Arrivé peu avant la fermeture, le lieu était quasiment désert. Suivant un chemin parfaitement balisé, il découvrit des petits cratères d’une petite dizaine de mètres de hauteur qui crachotaient de la boue. C’est donc en toute décontraction, qu’il a escaladé le gros cône de l’un d’entre eux qui projetait des giclées de boues visqueuses.

Arrivé au terme de son escalade, le sol se déroba sous ses pas et sa jambe s’enfonça jusqu’au mollet dans une boue fluide à 160°c. Douleur fulgurante, inhumaine. Dans un réflexe de survie, il parvient à extraire sa jambe et à rouler jusqu’au pied du minuscule volcan.

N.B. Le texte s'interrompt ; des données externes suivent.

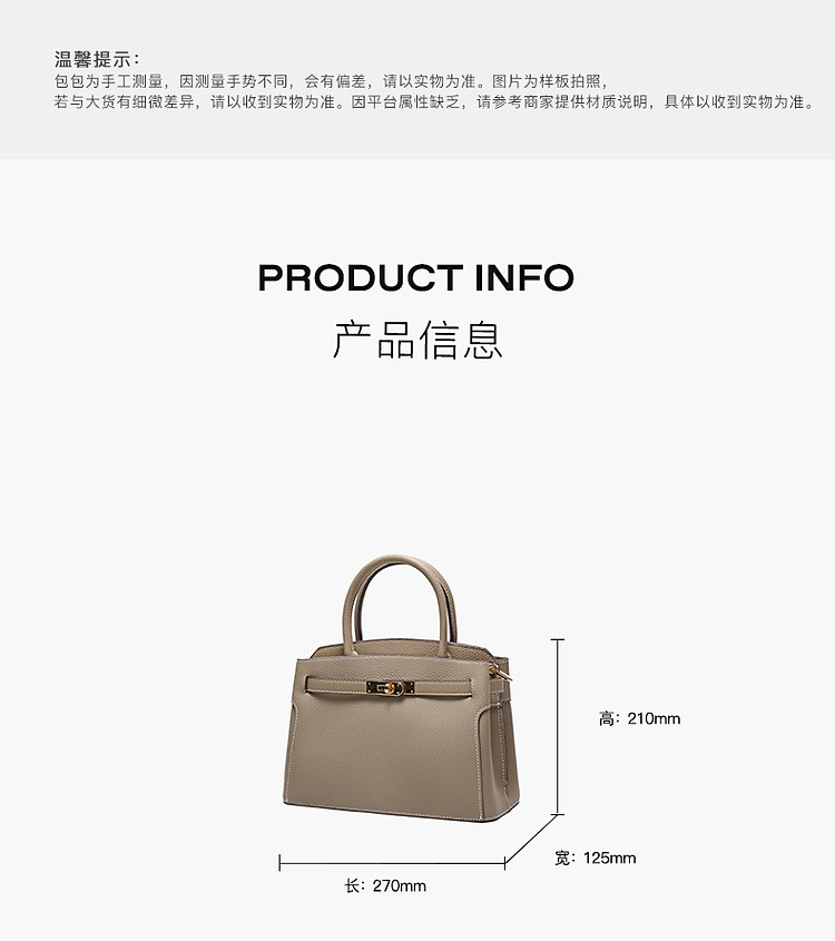商品名称:【鎏金岁月】百丽经典气质优雅铂金包轻奢高级托特包 424410

Seul et choqué, il enleva ses chaussures brûlées, son pantalon pour découvrir que la peau de sa jambe brulée avait glissée en accordéon sur ses chevilles. C’est donc en slip, choqué grelottant et gravement brûlé qu’une visiteuse le retrouva au bout d’un moment indéterminé. Il fut rapidement pris en charge jusqu’à l’hôpital de Rotorua puis  transféré à celui d’Hamilton.

Le verdict tomba rapidement : brûlures multiples au 3e degré. Greffé, il ne savait plus s’il pourrait remarcher correctement un jour. Son monde était en train de s’effondrer.

Pugnace, au terme d’une longue et difficile rééducation avec comme seul objectif de marcher toujours un peu plus loin, un peu plus haut, un peu plus longtemps qu’il fit le pari avec lui-même de remonter sur « ses » volcans. Il s’était fixé l’objectif de faire l’ascension de l’un des plus difficiles d’entre-deux, le Semeru situé sur l’île de Java qui culmine à 3 730 mètres d’altitude.

Un « volcan gris » explosif, dangereux. Un but à atteindre pour Guy. Pour lui, le signe annonciateur de son total rétablissement.

Comme il ne pouvait porter aucune chaussure, il s’était fait fabriquer localement une « sandale d’escalade. » Une épaisse semelle doublée une grosse couche de mousse et des lanières réglables. C’est donc ainsi équipé qu’il quitta son hôtel de base où il séjournait traditionnellement : le White Rose à Kuta sur l’île paradisiaque de Bali.

En quittant l’hôtel, il laissa son passeport à la réception et confirma son séjour les trois nuits suivantes. Pour parer à un éventuel échec ou au renoncement de son difficile projet.

Sur le terrain, il fut rapidement distancé par ses compagnons. Ce fut pour lui un véritable enfer avec l’espoir d’atteindre ce qui était pour lui le paradis.

Heureusement, il connaissait parfaitement les lieux. C’est donc seul, fatigué mais heureux qu’il escalada difficilement le volcan pour arriver au petit matin au cône final. C’était le 12 octobre 2002.

Rassuré, mais, c’est taraudé par un vague pressentiment qu’il ne pouvait expliquer qu’il regagna son hôtel à Bali.

C’est alors qu’il découvrit les pans du mur noircis de l’établissement totalement pulvérisé. Un paysage de guerre et de désolation. Toute la rue Legian street avait été totalement soufflée par un triple attentat terroriste qui fit 202 morts et 209 blessés. Un attentat terroriste attribué à des militants islamistes de la filiale locale d’Al-Qaïda.

Fataliste, Guy de Saint Cyr croit plus que jamais à sa bonne étoile. Car logiquement et compte tenu de son état physique, il devait se reposer à l’hôtel en attendant le retour de ses compagnons de voyage. Il est persuadé que c’est sa détermination et sa passion qui l’ont sauvé d’une mort certaine.